▸ **WORK REQUEST**: Retype only what runs from the first line of the records to the line with "上半年,寧波外貿總額為6811.4億元,比去年同期增長(cháng)9.5%。", inclusive, and no pictures.

── MATERIAL FOR THIS EXERCISE

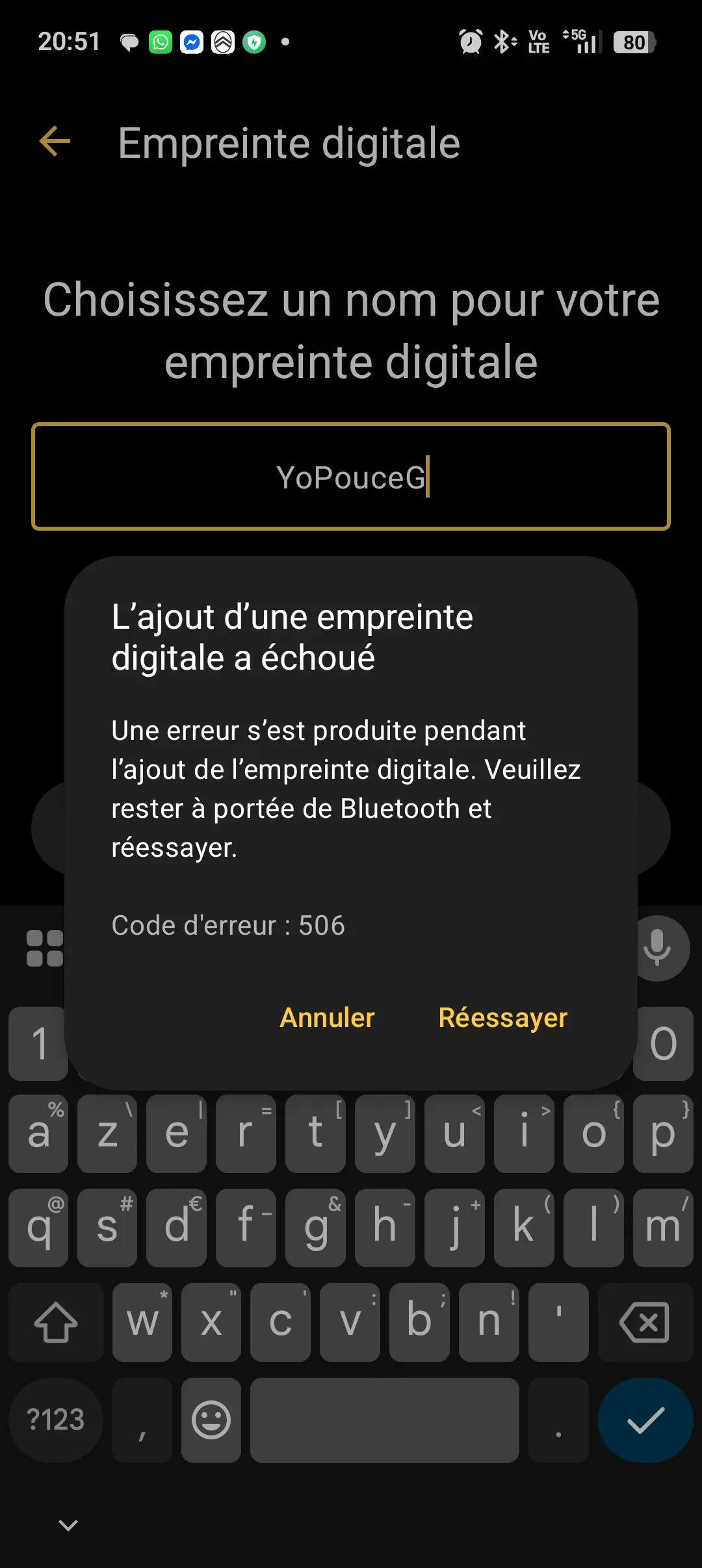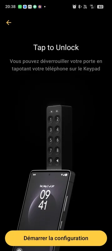 La procédure se déroule de manière très fluide. L’application détecte le clavier via Bluetooth et l’associe à la serrure existante.
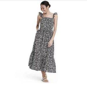 White daisies bloom amidst this black midi dress for a blush of lovely flair, sweetened up even more by ruffles on the straps and a flouncy tiered hem.
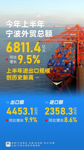 上半年,寧波外貿總額為6811.4億元,比去年同期增長(cháng)9.5%。
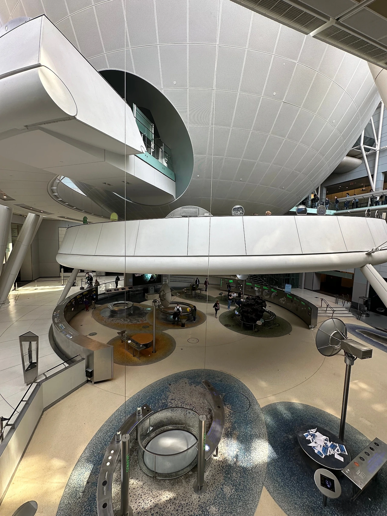 출입문 밖에서 아트리움 유리 안쪽이 보이는데 태양계 모형입니다. 과거 뉴욕 자연사박물관을 건립할 때 관장이던 닐 타이슨 박사가 과감하게 명왕성을 없애 버린 일화가 있습니다. 그때까지 유일하게 미국인이 발견한 태양계 행성인 명왕성이 없어서 계속 문의가 왔는데 닐 타이슨 박사는 명왕성은 행성의 정의에 맞지 않아서 뺐다는 입장을 계속 유지했죠. 2006년 8월 국제천문연맹(IAU)에서 명왕성이 퇴출되자 닐 타이슨이 그 원흉이라고 많이 비난했다고 하죠. 대중의 비난에도 과학적 소신을 굽히지 않은 닐 타이슨 박사와 삼체에서 홍위병의 협박에도 과학자의 양심을 버리지 않던 예저타이 교수가 겹쳐 보이네요.
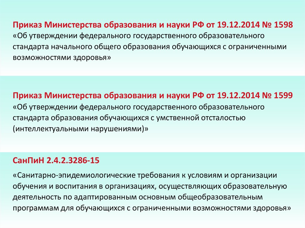 Приказ Министерства образования и науки РФ от 19.12.2014 № 1598«Об утверждении федерального государственного образовательного
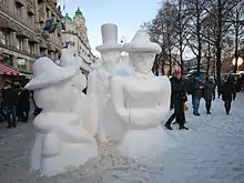 Скульптури із криги та снігу «Вечір на Карл Йоган» за мотивами Едварда Мюнха, розташовані на головній вулиці Осло Карл Йога гейт під час чемпіонату світу як складова культурної програми. Скульптор Лука Бонетті, Італія.
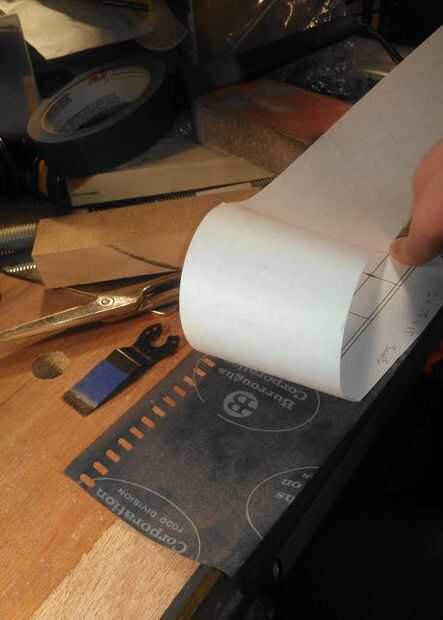 Una vez centrado como mejor parece, la plantilla en su lugar con el dedo pulgar hacer retroceder y coloque el papel boca abajo en el diapasón. asegurándose de que será en el primer traste. No hay necesidad de ir todo el camino hasta la tuerca. Lo suficiente como para conseguir el primer traste comenzó.
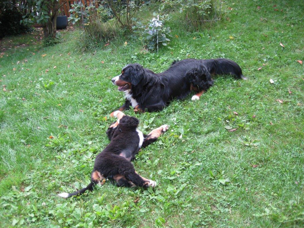 Einige Pfützchen hat er ihnen schon in die Wohnung gesetzt. Da kann sich Frauchen nun sputen. Oma Tana hat auch am liebsten ihre Ruhe. Für eine alte Dame war das auch ganz schön viel Stress mit immer "Full House". Aber das kleine Scheisserchen kann sich bei Frauchen schon allerhand leisten. Wenn bei mir mal das Temperament durchgeht, oder Oma Tana mal Fressi aus der Küche klaut, da ist "Land unter". Nur mein Elias, tztztz,.. Narrenfreiheit...
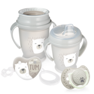Easy to clean, enables drinking without spilling. When shaken vigorously or dropped, droplets of liquid can come out. It teaches the child to control its movements and prepares them to drinking from an open cup.
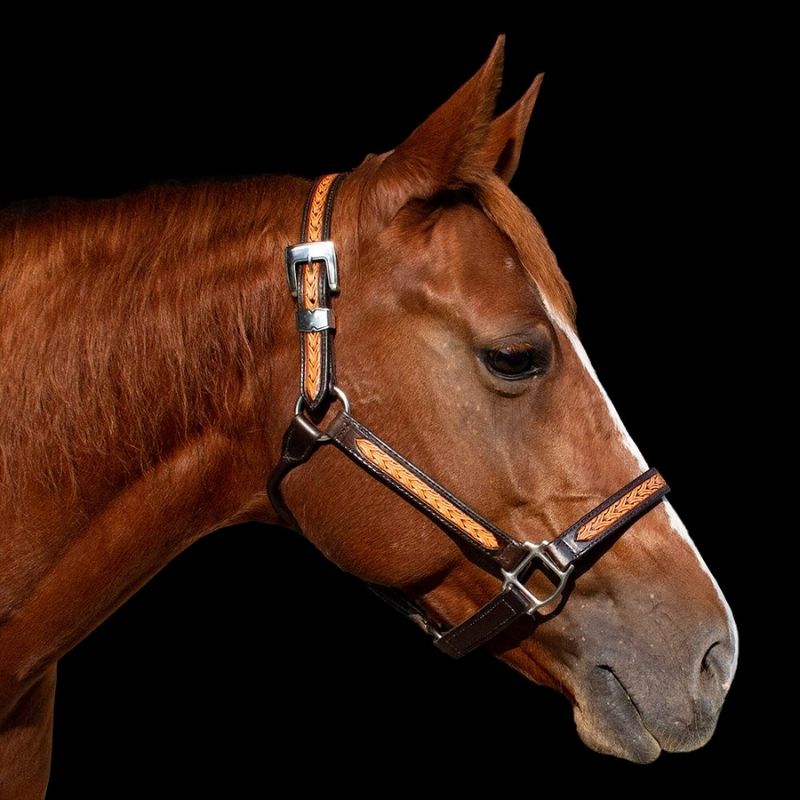Check Lace Halter with chocolate dyed background and stainless hardware.
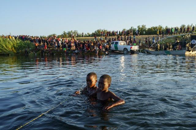 当地时间2021年9月20日,墨西哥科阿韦拉州阿库尼亚城,两个海地男孩试图穿过美墨边境的里奥格兰德河进入美国得克萨斯州。
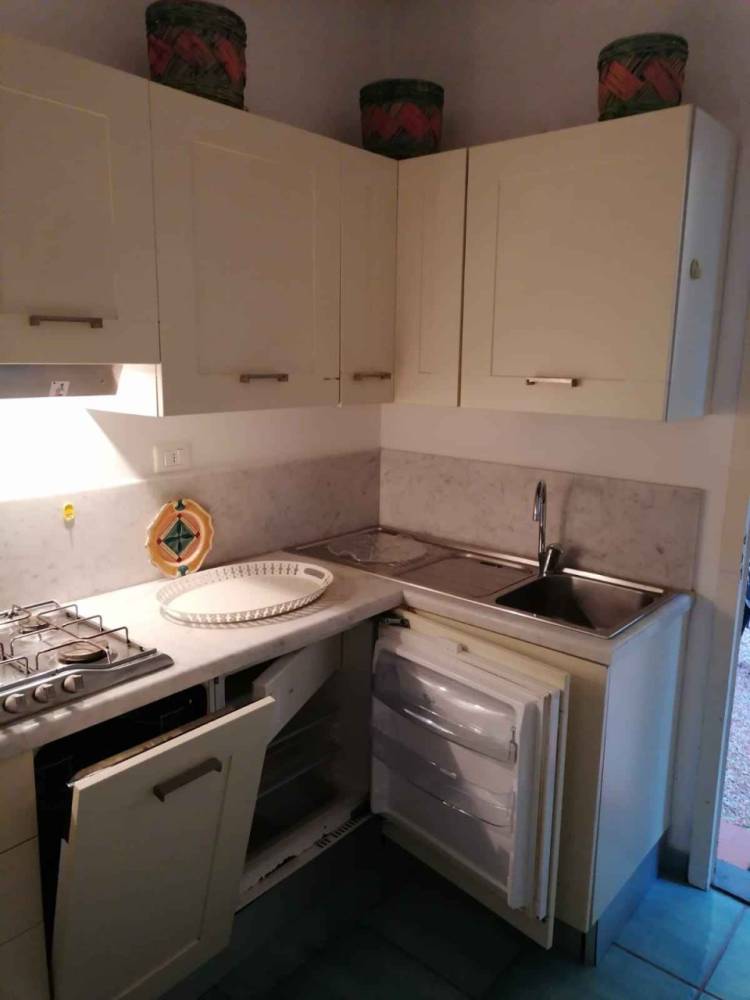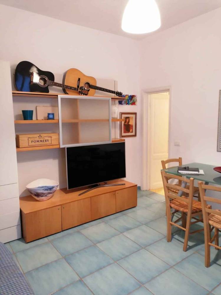 Ingresso living con divano letto e Tv, cucina completa di lavastoviglie, camera matrimoniale e bagno con doccia.

────

▸ **OUTPUT OF THE EXERCISE**:
 La procédure se déroule de manière très fluide. L’application détecte le clavier via Bluetooth et l’associe à la serrure existante.
 White daisies bloom amidst this black midi dress for a blush of lovely flair, sweetened up even more by ruffles on the straps and a flouncy tiered hem.
 上半年,寧波外貿總額為6811.4億元,比去年同期增長(cháng)9.5%。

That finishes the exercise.